Mr. Lin recognized Ramirez as a frequent check
cashing customer. Mr. Lin did not recognize the
defendant, but was able to see him clearly during the
robbery, and was sure of his identification of the
defendant as the robber. According to Mr. Lin's
calculation, the duo stole $1996.
Jerry Marsh and Diana Gesner testified that while
they sat in Marsh's car in a parking lot at 8:00
p.m., two men approached the ECL Market. The men wore
black clothing and hoods. Marsh believed one man had
a beanie hat on under his hood. A few minutes later,
the same two men ran away from the store and drove
away in a dark colored truck. Each man appeared to be
carrying something under his shirt. It was too dark
outside to see either of their faces. After the men
left, Marsh and Gesner went inside the market to see
what had happened. There was money strewn on the
floor behind the counter and Mr. Lin said he had just
Officer Chris Pilger responded to a dispatch
regarding the robbery. Mr. Lin gave Ramirez's
identification card with a photograph and thumbprint
to Officer Pilger. Shortly after the robbery, a truck
matching the description of the getaway vehicle was
involved in a traffic accident. The defendant and
Ramirez were arrested when they arrived at an address
recorded in the accident report approximately three
and a half hours after the robbery in a GMC Jimmy
truck.

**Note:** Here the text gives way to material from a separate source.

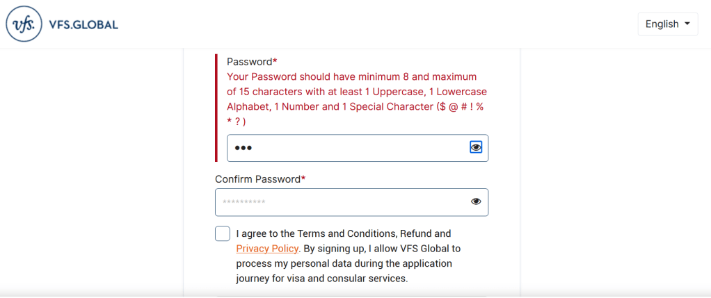 Untuk special character, dibatasi hanya boleh karakter tertentu: $, @, #, !, %, *, atau ?. Sedangkan password yang saya input menggunakan karakter lain, makanya error. Setelah mengikuti aturan yang berlaku, terbuatlah pengguna saya. Belum selesai prosesnya, lanjut mencari tanggal untuk temu janji membuat visa. Bulan Oktober sudah penuh semua, dapatnya di 8 November 2022 pukul 12:00 siang.

While Officer Pilger assisted in booking the
defendant, he found approximately $419 in cash in the
defendant's pockets, and a similar amount of cash on
Ramirez. Ramirez had a pistol in the waistband of his
pants. A black beanie hat and a pair of cut-up
women's pantyhose were found in the truck.

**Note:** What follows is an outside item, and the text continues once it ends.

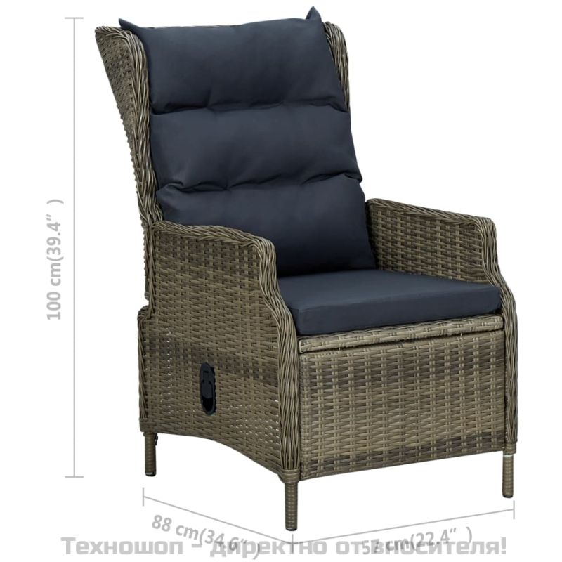 Този полиратанов градински лаундж комплект е отличен избор за разговори със семейството и приятелите или просто за наслаждаване на успокояващите слънчеви бани във вашето открито жилищно пространство. Градинските реклайнери и масичка за чай, разполагащи с прахово боядисана стоманена рамка, покрита с кръгъл РЕ ратан, са здрави и лесни за почистване. Плътно подплатените възглавници доставят допълнителен комфорт по времето на почивката ви. Калъфките на възглавниците, снабдени с цип, се свалят и перат. Благодарение на газовия повдигащ механизъм, облегалката също се регулира до най-удобната ви позиция. С натискане на страничния бутон можете да я свалите, за да се излегнете удобно. Столът е перфектен избор да се отпуснете и поставите краката си на поставката за крака, част от комплекта. Можете да го поставите на предпочитаното от вас място. При това масивният плот е идеален за поставяне или нареждане на различни ваши принадлежности. Лаундж комплектът е лесен за местене, благодарение на леката си конструкция. Важна забележка: Препоръчваме покриването на комплекта по време на дъжд, сняг и скреж с цел максимално продължителна употреба. Максимално 110 кг на седалка. Съобразете се с риска от открит огън и други източници на силна топлина в близост до продукта.

Detective Filemon Zaragoza separately interviewed
first Ramirez and then the defendant. Detective
Zaragoza told the defendant that Ramirez had
confessed and identified the defendant as the one
holding the gun. The defendant denied any such
participation. The two suspects were then placed
together in a holding cell while a video camera
recorded their interaction. When Ramirez told the
defendant that he had "snitched," the defendant
responded, "we worked together, we got caught
together, we're fucked together, we'll finish it
together, fool." They also discussed how the police
might have identified them as the culprits. And then
stated, "[It's] like us walking in with full
identity, [it's] just like us walking in with like
armed burglary (inaudible) full identity, with our
names, face, address card, everything."
Ramirez testified that he pled guilty to the robbery
[of] the market and that the defendant was with
Ramirez during the robbery. People v. Elias, No. H023687, slip op. at 1-3 (Cal.Ct.App. July
A. Standard of Review
This Court may entertain a petition for a writ of habeas corpus
on "behalf of a person in custody pursuant to the judgment of a
State court only on the ground that he is in custody in violation
of the Constitution or laws or treaties of the United States."

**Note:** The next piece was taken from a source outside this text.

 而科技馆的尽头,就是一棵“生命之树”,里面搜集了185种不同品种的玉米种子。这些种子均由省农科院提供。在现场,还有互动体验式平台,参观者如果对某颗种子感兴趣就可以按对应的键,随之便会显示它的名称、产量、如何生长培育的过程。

28 U.S.C. § 2254(a); Rose v. Hodges, 423 U.S. 19, 21 (1975).
A district court may not grant a petition challenging a state
conviction or sentence on the basis of a claim that was reviewed
on the merits in state court unless the state court's
adjudication of the claim: "(1) resulted in a decision that was
contrary to, or involved an unreasonable application of, clearly
established Federal law, as determined by the Supreme Court of
the United States; or (2) resulted in a decision that was based
on an unreasonable determination of the facts in light of the
evidence presented in the State court proceeding."
28 U.S.C. § 2254(d); Williams v. Taylor, 529 U.S. 362, 402-404, 409
(2000).*fn1 Habeas relief is warranted only if the
constitutional error at issue had a "substantial and injurious
effect or influence in determining the jury's verdict." Penry v.
Johnson, 532 U.S. 782, 795 (2001) (quoting Brecht v.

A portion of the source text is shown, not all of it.